12. The application would disclose that the entity would be a private-sector undertaking to be incorporated. The filling-in instructions/check list for making an application under Single Window Agency inter alia provide as under:
(1) Application in prescribed form in 20 sets, duly filled in;
(2) 3 copies of the Project Report/Project Profile;
(3) 3 Copies of Memorandum and Articles of Association of the Company/Society/Partnership Deed/Trust Deed (as may be applicable);
(4) A brief note on the present activities of the company/associate companies/subsidiaries, the present proposal, the bio-data of the promoters, etc., - 3 copies;
(5) 3 copies of the acknowledgment of Industrial Entrepreneurs Memorandum (IEM) filled with the Government of India/Letter of Intent obtained from the Government of India/100% Export Oriented Unit (EOU) letter of permission/FIPB/RBI approval etc.
13. The check list itself would disclose that the application could have been filed by an entity which was in existence and not by an entity which was non-existent and imaginary one inasmuch as the Memorandum and Articles of Association of the Company/Society/Partnership Deed/Trust Deed would be of an existent entity and not of an entity to be incorporated in future.
14. The details of the activities and other details as were required in the said application form are blank. The expected date of commencement of trial production or the activities was mentioned as 31.12.2001. However, the application was filed on 23.06.2000 and a promise was made that within a period of one and a half years, they would commence the activity. The total investment proposed was of Rs. 2500 Million. This application was submitted by one P. Satish Pai before the Government to be placed before High Level Committee/State Level Single Window Agency.

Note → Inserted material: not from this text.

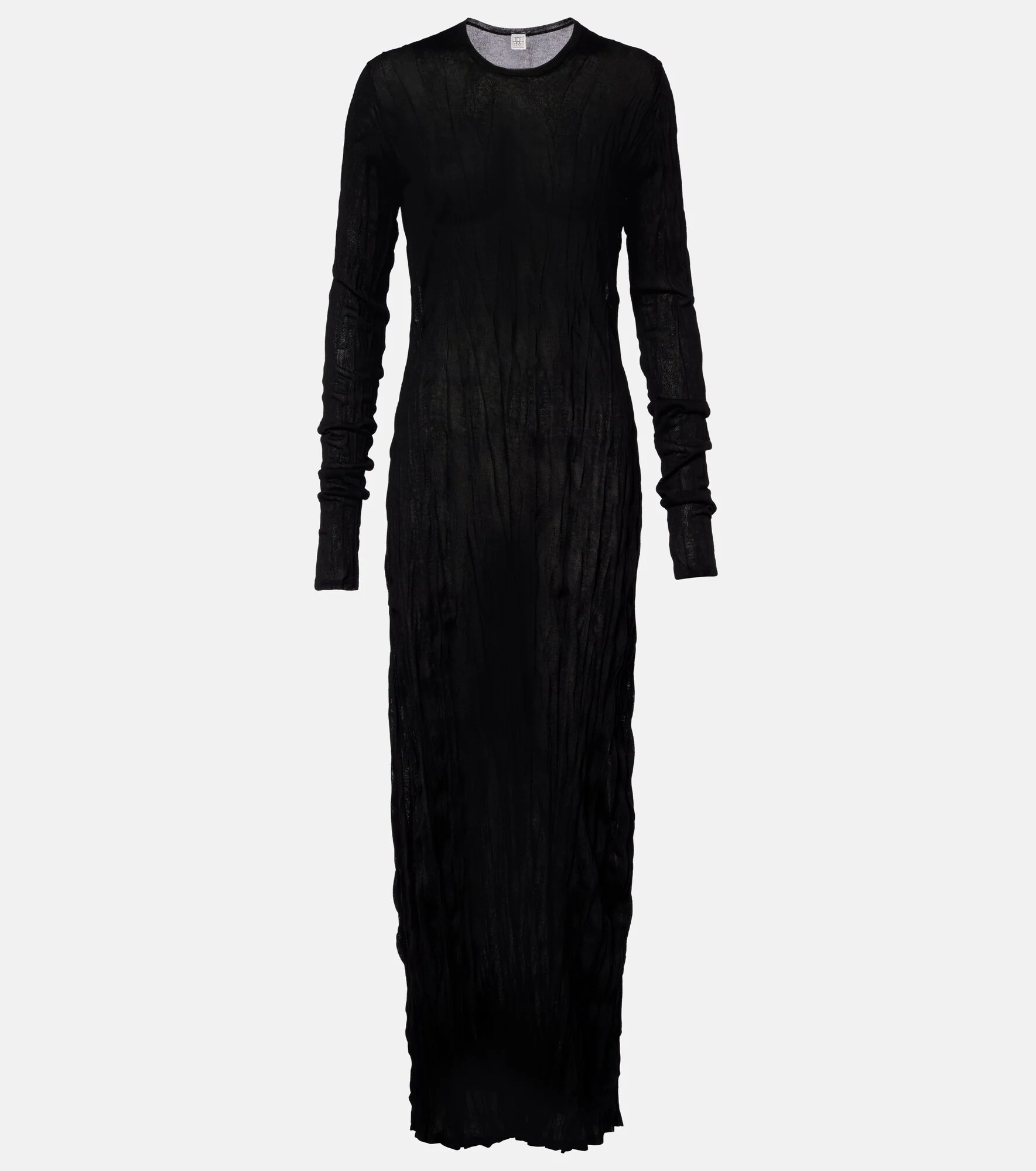 Define your dress code with styles from Toteme, a Stockholm-based brand dedicated to creating a modern uniform. This maxi dress showcases a column silhouette, enhanced by all-over pleats with a crinkled finish. Product Details - Material: 75% viscose, 25% polyester (recycled) - Care instructions: hand wash - Made in China - Color: black - Designer color name: Black - Item number: P01150287 Size & Fit - True to size - Semi-sheer - Cinched waist - Non-stretchy fabric - The model seen in the picture is 178cm-5'10" and wearing a size XS

15. Interestingly, the Project Report of the proposed development of a Tourism Complex in Bengaluru (India) by M/s. Lakeview Tourism Corporation contains the promoters' background. It would suggest that Dr. Ramdas Pai is involved in different walks of life including professional education, hospitals, medical and dental colleges, nursing and pharmacy colleges, applied sciences, hotel industry etc. Another promoter's name is given as Syed Mohammed Salahuddin. It is stated that Syed Mohammed Salahuddin runs a family business called ASCON, a civil contracting company in Dubai since 1973 and because of his visionary leadership, guidance and wisdom, ASCON had transformed itself into a multi- division conglomerate known as the ETA ASCON Group. The turnover of the Group was in excess of US $850 million in the year of 1995 and he desired to step up investment since India was emerging as the fast growing economy. Other promoters' names are P. Dayananda Pai and of course, P Satish Pai who signed and submitted the application on behalf of the 'non-existent entity' to be incorporated in future.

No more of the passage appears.